UniDoc File Intelligence Blog

How to Check Real File Type (Not Just the Extension)

A file named invoice.pdf is not always a real PDF. Attackers often rename files to look safe. This guide shows how to detect true file type using magic signatures, confidence, and risk indicators.

You will learn a simple workflow to quickly answer: What is this file really? and What should I do next?

Why Extension Is Not Enough

File extension is only text at the end of a filename. Anyone can rename malware.exe to report.pdf in seconds. Your system may still detect danger, but users often trust the visible name.

[!] Common mistake
  • Trusting only .pdf, .docx, or .jpg extension
  • Opening files from unknown senders directly
  • Skipping mismatch or warning signals
[+] Better approach
  • Check internal file signature (magic bytes)
  • Compare extension with actual detected type
  • Use trust score and risk guidance before opening

What Real File Type Means

Real type is identified from file content, usually the header bytes. These signatures are often called magic bytes.

File Type Signature (Hex) Readable Form
PDF 25 50 44 46 %PDF
PNG 89 50 4E 47 PNG header
ZIP / Office 50 4B 03 04 PK..
EXE 4D 5A MZ

If extension says one thing but signature says another, treat the file as suspicious until verified.

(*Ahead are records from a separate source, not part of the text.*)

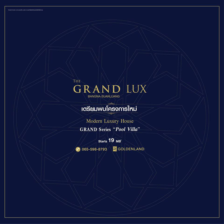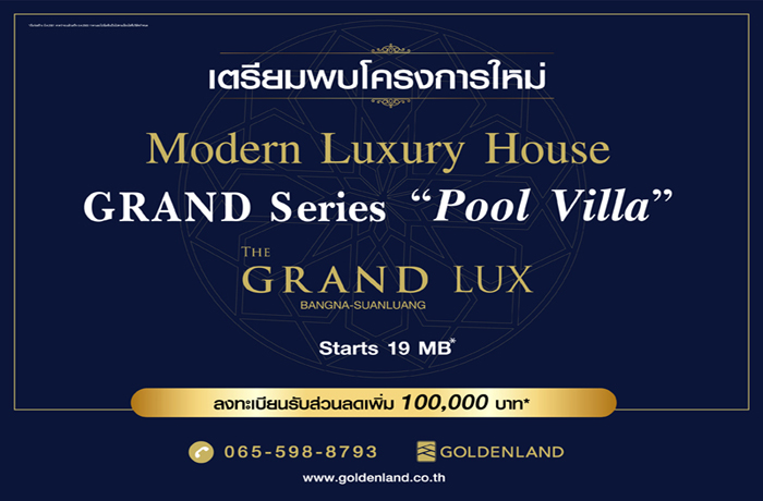 บ้านเดี่ยวแบบใหม่ ดีไซน์สุดหรู Modern Luxury House GRAND Series Pool Villa เริ่ม 19 ล้าน* ลงทะเบียนรับส่วนลดเพิ่ม 100,000 บาท* ทำเลศักยภาพ ติดถนนใหญ่ ใกล้เมกะบางนา+สุวรรณภูมิ เร็วๆนี้
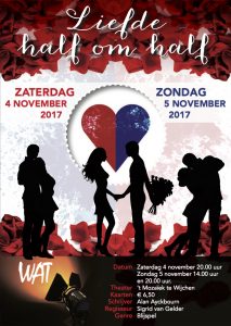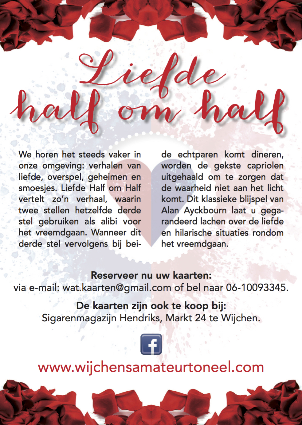 We horen het steeds vaker in onze omgeving. Verhalen van liefde overspel, geheimen en smoesjes. Liefde Half om Half vertelt zo’n verhaal, waarin twee stellen hetzelfde derde stel gebruiken als alibi voor het vreemdgaan. Wanneer dit derde stel vervolgens bij beide echtparen komt dineren worden de gekste capriolen uitgehaald om te zorgen dat de waarheid niet aan het licht komt. Dit klassieke blijspel van Alan Ayckbourn laat u gegarandeerd lachen over de liefde en hilarische situaties rondom vreemdgaan.
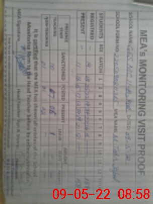 | Attendance Register | Head Teacher | MEA with School | Visit Proof |
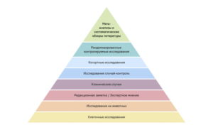 При этом не все исследования одинаково ценны. Существует иерархия доказательств. Самые надежные выводы делаются на основе:
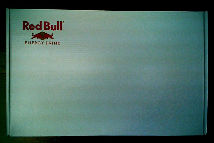 In pred parimi minutami me pokliče ponovno, ker je “tukaj”. Dve prijetni deklici v Red Bull avtu mi podata škatlo! Hmm. Je to bomba? Antraks? In že ju več ni bilo!
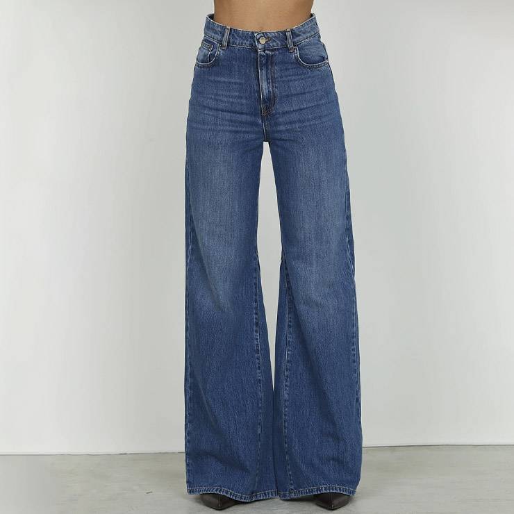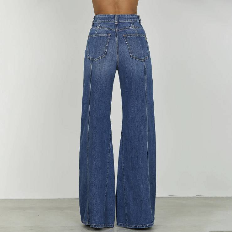 Pantalón acampanado tipo jeans de algodón 100%. Tiro alto. Cinco bolsillos. Detalle costura nervio en la parte trasera. Cierre botón y cremallera.
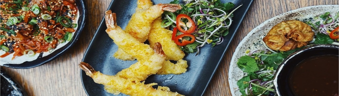 Prażynki krewetkowe, bataty, krewetki w panierce + GRATIS zestaw 3 dodatkowych sosów: wasabi mayo, sambal truflowy, sos ananasowo-tamaryndowy

How to Check Real File Type (Step by Step)

1) Detect file signature

Read first bytes -> match known signatures -> detect real type

2) Compare with extension

Example: filename says .pdf, detected type says EXE -> this is a high-risk mismatch.

3) Measure confidence

High confidence (90%+) means strong signature match. Lower confidence means uncommon or partial pattern.

4) Analyze structure

For PDFs: pages, text, scripts, encryption. For archives: internal content and Office document clues.

5) Decide action

Use assistant guidance like: verify source, run OCR, compress, convert, or avoid opening.

Try it with your own file

Upload once and get real type, trust score, key finding, and recommended next steps instantly.

Open File Intelligence

How to Read Mismatch Warnings

A mismatch warning means file extension does not match real content. This is one of the most useful signals in file security triage.

[High Risk Example]

statement.pdf detected as EXE

Action: do not open directly, verify source immediately.

[Usually Safe Example]

photo.jpg detected as JPEG

Action: safe to preview, continue normal workflow.

The key is not panic - it is verification. Mismatch does not always mean malware, but it always means you should pause and confirm.

Trust Score and Risk Levels

A useful file assistant should not stop at detection. It should convert analysis into a practical risk message.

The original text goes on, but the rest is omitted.